[[ Data supplied, beginning ]]
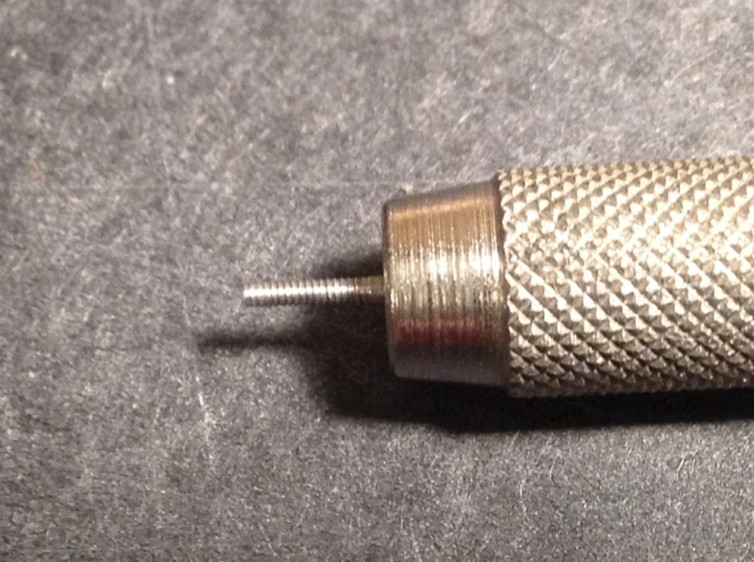 To begin the screw head slotting process, finger thread the rod back into the die. If you have something else that is tapped to match your screw you can use that as a screw holder for this part of the process as well.
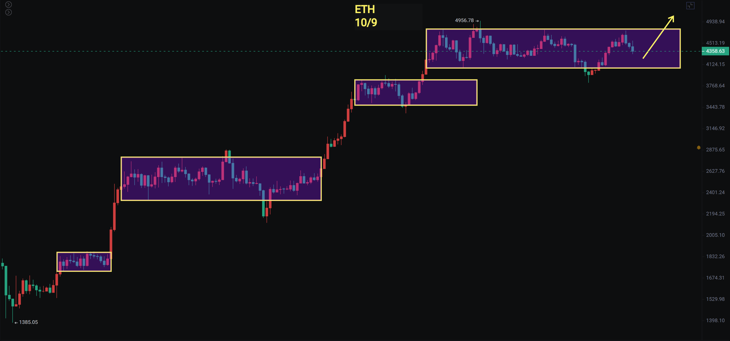 以太走的结构还是非常明显,仍在箱体内部震荡,最近的支撑在4200。从8月9号突破4100以来,已经震荡了61天,之前公子也说过,五月份到七月份也是震荡两个多月,所以最近的假跌破收回后,最好不要再继续跌破,否则后续走势会更麻烦。
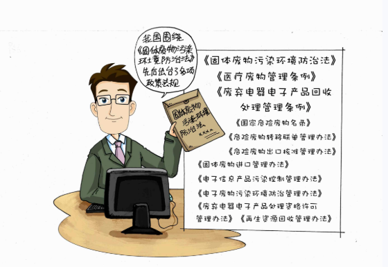 我国围绕《固体废物污染环境防治法》,先后出台了《医疗废物管理条例》《危险废物经营许可证管理办法》《废弃电器电子产品回收处理管理条例》等3项法规和《国家危险废物名录》《危险废物转移联单管理办法》《危险废物出口核准管理办法》《固体废物进口管理办法》《电子信息产品污染控制管理办法》《电子废物污染环境防治管理办法》《废弃电器电子产品处理资格许可管理办法》《再生资源回收管理办法》等多项部门规章。
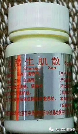 3)化腐生肌散:肢体慢性溃疡,腐肉有脱,伤口久不愈合,褥疮,三年不愈的褥疮用了三天就好了,就是太贵了。
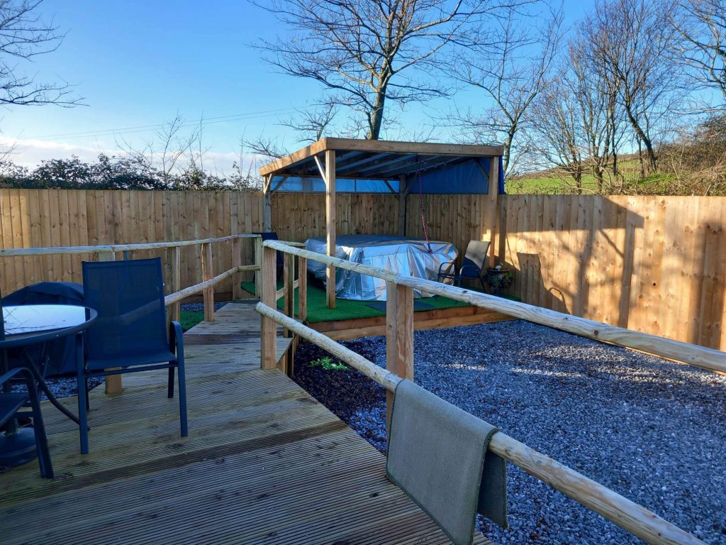There is both an indoor and outdoor dining area and for those cosy nights a relaxing lounge with built in fire and TV. It is fully double glazed and centrally heated. Oh and not forgetting the undercover private hot tub! Don’t worry, there are no steps on our brand new purpose built decking, as the access is via ramps and handrails for safety.
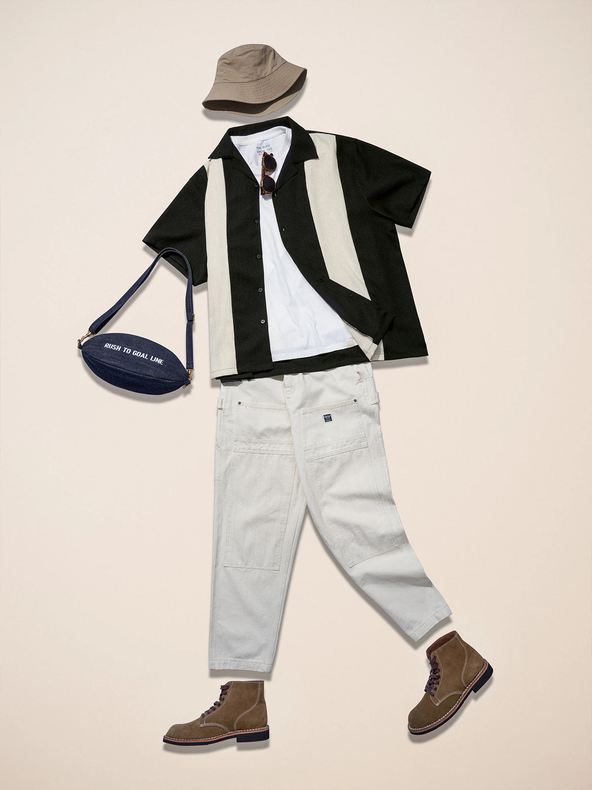 Striped & Solid Washed Short Sleeve Denim Work Shirt
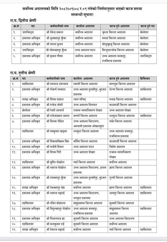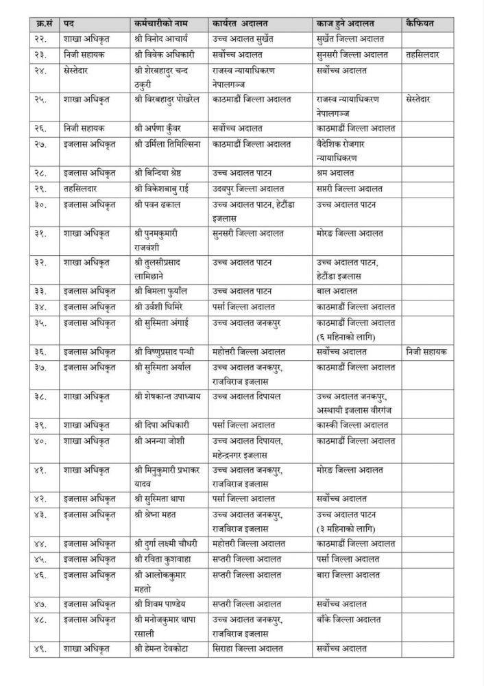 काठमाडौँ । सर्वोच्च अदालतले ५ उपसचिव र ४९ शाखा अधिकृतको काज सरुवा गरेको छ ।
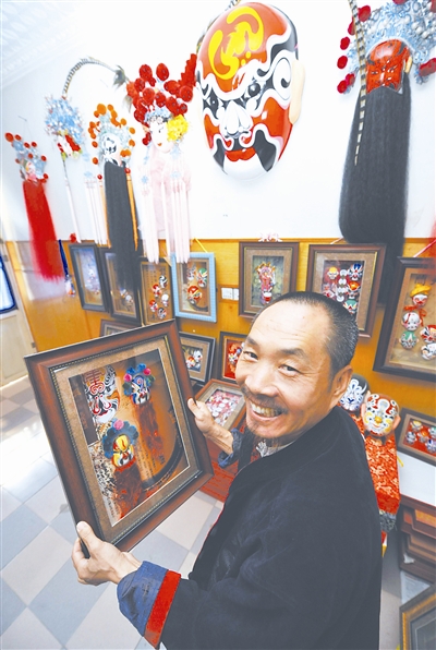 10月16日,河北省固安县焦氏京剧脸谱的第三代传承人焦影明先生正在为完成一批国外定单而忙碌着。近年来,中国的京剧和京剧脸谱艺术引起越来越多的外国朋友的兴趣,目前焦氏京剧脸谱已发展到300多个品种,作品远销到美、英、法、澳、韩和东南亚的30多个国家和地区。本报记者 张宪 本报通讯员 李德明 摄
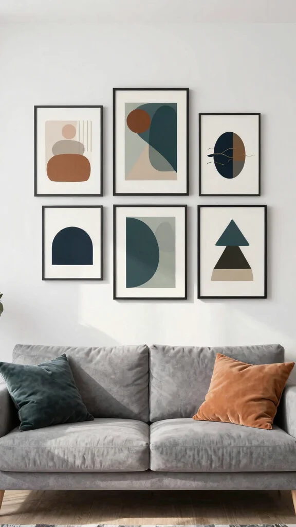 The blend of geometric art and soft palettes enhances the overall sophistication of your living area.
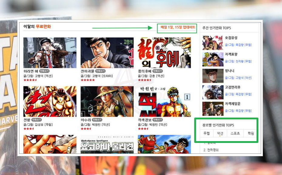 제가 알려드리려고 했던 스포츠서울 무료만화는 완결 작품이에요. '이달의 무료만화'를 보시면 처음부터 끝까지 무료로 볼 수 있는 작품이 여러 개 나와요. 많은 분들이 좋아하는 무협, 액션, 코믹 등 다양한 장르의 작품을 만나볼 수 있어요. 스포츠서울 사이트에서는 매월 1일과 15일마다 업데이트 되기 때문에 주기적으로 새로운 작품을 만나볼 수 있어요.
[[ Data supplied, end ]]
What you will do: Everything from the line containing "本报通讯员 李德明 摄" through the last line of the entries must be repeated verbatim, except pictures.

Written solution:
 10月16日,河北省固安县焦氏京剧脸谱的第三代传承人焦影明先生正在为完成一批国外定单而忙碌着。近年来,中国的京剧和京剧脸谱艺术引起越来越多的外国朋友的兴趣,目前焦氏京剧脸谱已发展到300多个品种,作品远销到美、英、法、澳、韩和东南亚的30多个国家和地区。本报记者 张宪 本报通讯员 李德明 摄
 The blend of geometric art and soft palettes enhances the overall sophistication of your living area.
 제가 알려드리려고 했던 스포츠서울 무료만화는 완결 작품이에요. '이달의 무료만화'를 보시면 처음부터 끝까지 무료로 볼 수 있는 작품이 여러 개 나와요. 많은 분들이 좋아하는 무협, 액션, 코믹 등 다양한 장르의 작품을 만나볼 수 있어요. 스포츠서울 사이트에서는 매월 1일과 15일마다 업데이트 되기 때문에 주기적으로 새로운 작품을 만나볼 수 있어요.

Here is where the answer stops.